What is it that causes so many people in their thirties to suddenly contract unhappiness. They look back on the whole of their life: their achievements, their relationships, their careers and their training and suddenly they decide that none of it is enough. Something vital is still missing. While they were building a life they somehow missed out on life, and at Some point in our thirties we decide that we must go looking for it.
This desire to go searching for that something more is often powerful enough for people to uproot their lives: careers that many only dream of get left behind, marriages come to an end, and many possessions get sold, given away or thrown in the trash-heaps they are for.
We usually don’t know what it is that is missing or to where we must go or what we must do to find it, but suddenly we discover that we must begin listening to our intuition. Or perhaps all the years of repressing our intuition causes it to begin asserting itself through life changes.
YOU ARE THAT! NOT THIS NOT THAT!
Knowledge has bounds, intuition does not. We are much more than the sum of our experiences. We are like a vessel which contains all manifest possibility; infinite potential; a mass of energy conscious of being a mass of energy.
Who we think we are is not who we are. We are beyond our own comprehension.
If this is the case than what is this popular idea of true self? Authentic self? The real?
I hear many stories about lovely successful people who I always thought had it together suddenly breaking down and realizing that they do not at all have it together. Their happiness was a sham, their smiles and laughter masks to cover all that they did not know. Their days, organized for completeness were days of mental chaos, felling success only when triumphing over others and being left forlorn when they must cede success to someone else. We’ve heard it in the movies countless times: “My whole life is a sham.”

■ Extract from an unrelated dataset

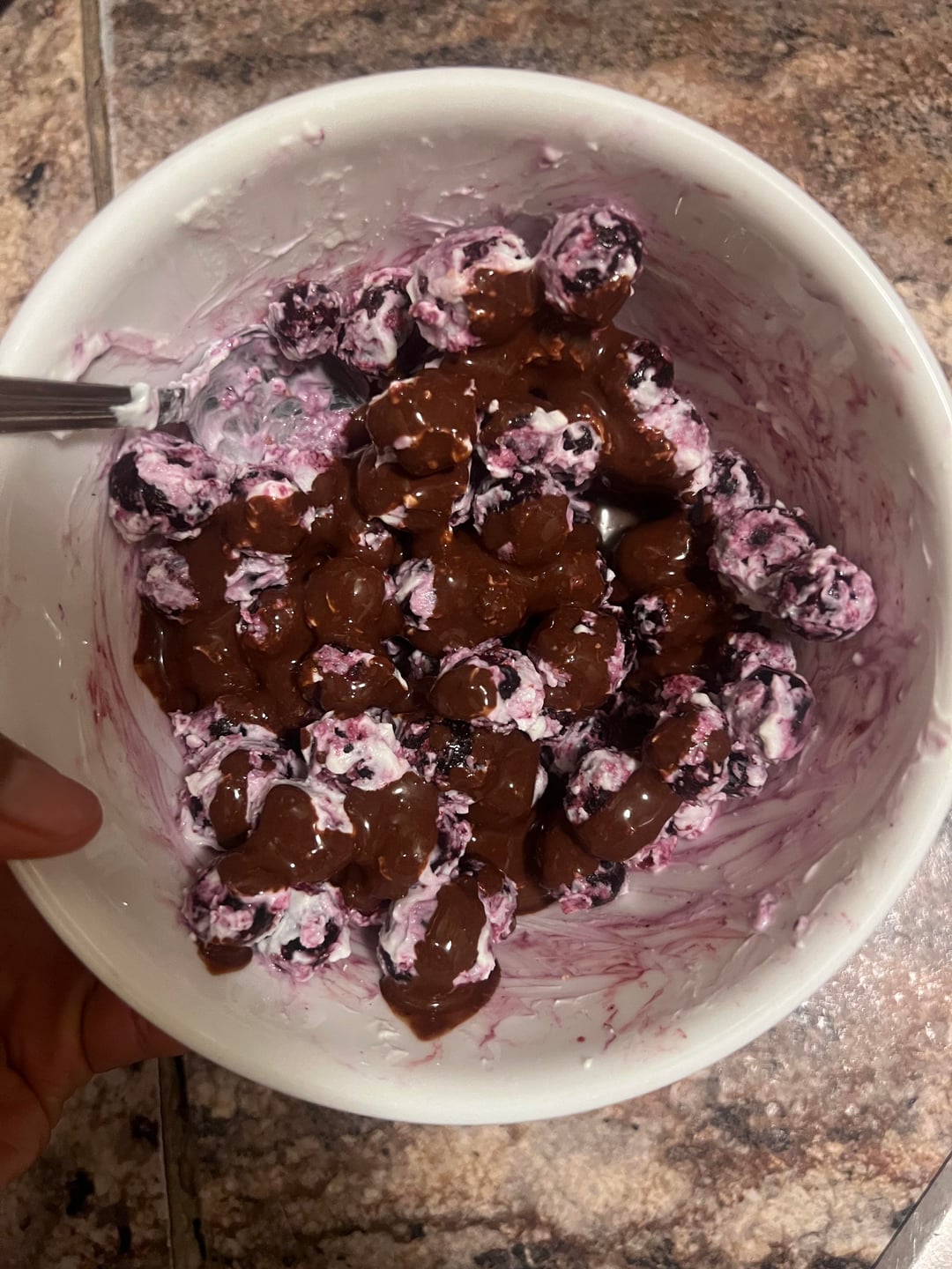 Frozen blueberries toss in Greek yogurt & topped with sf chocolate sauce

But what is a person to do?
I’ve heard the same refrain over and over: “We can’t all just go off to travel India for half the year like you do.”
India has been my path, kindly find your own! I’m not saying that India is not also your path; it is the path of millions of western people (and over a billion Indians). But once here we all have our own paths. None of it would work if we all followed the same path, we’d get in each others way.

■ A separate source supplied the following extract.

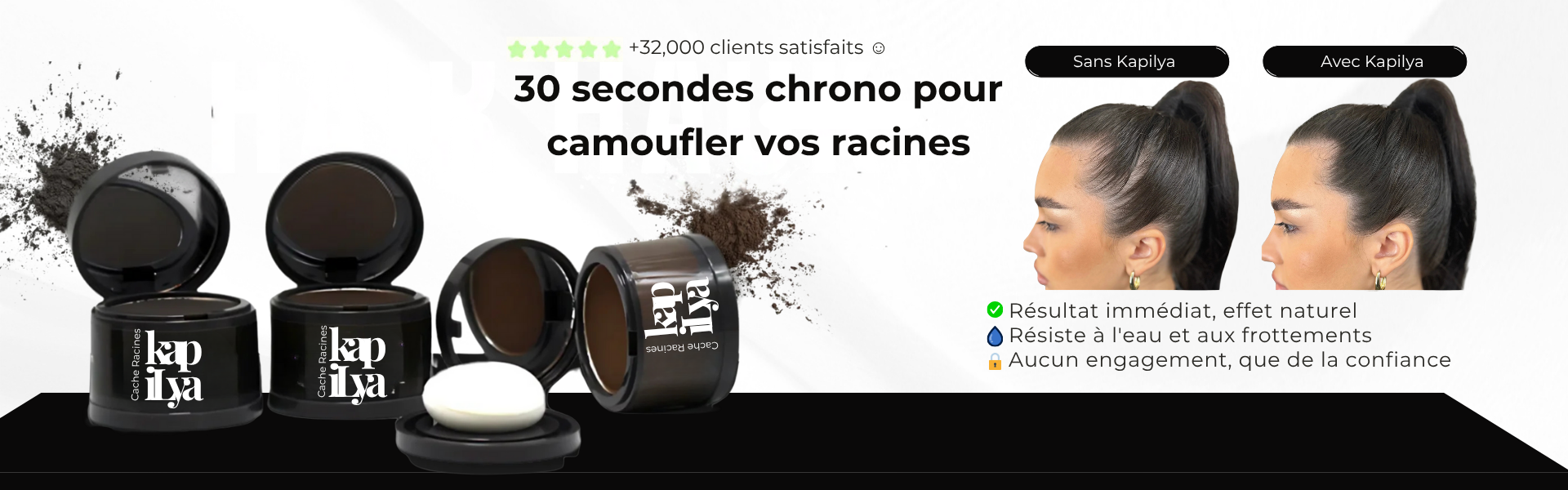 Ne laisse plus les racines visibles te gâcher la journée. Avec Kapilya Cache Racine, sois prêt en quelques secondes et gagne en confiance !

And this is much of the problem, we’re all trying to conform to the same path and we’re all getting in each other way. And all this getting in each others way is starting to cause tension and anger. And by the time we hit our thirties we’re completely pissed off, frustrated, and exhausted by life; and now we are ready to listen to our intuition.

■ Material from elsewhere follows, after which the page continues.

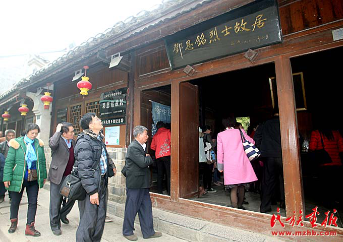 許多人在鄧恩銘烈士故居前重溫入黨誓詞

An old man once told me that disappointment was a better starting point for the journey within than dreams.
So here we sit in our thirties feeling completely disappointed by life and wanting more. This can’t be it, can it?
A very close friend once confided to me that no matter how much she planned and prepared for the future, she could not feel secure; she always imagined the worst. Above every mutual fund, every dead-bolt, every alarm system and every insurance policy hung a black cloud of “what ifs?” that left her feeling as vulnerable to the future as though she’d done nothing. She knew that the fear was her own burden, but she didn’t know how to drop it.
And then one day it happened! She left her car door unlocked and she came back to find many of her possessions had been stolen. She dropped her guard for a moment and paid the price. But she also realized that she could not be vigilant 24 hours a day; she could not guard against everything. Her fears just dropped away. She didn’t even get angry over having her things stolen; instead she felt only the peace that comes with complete defeat.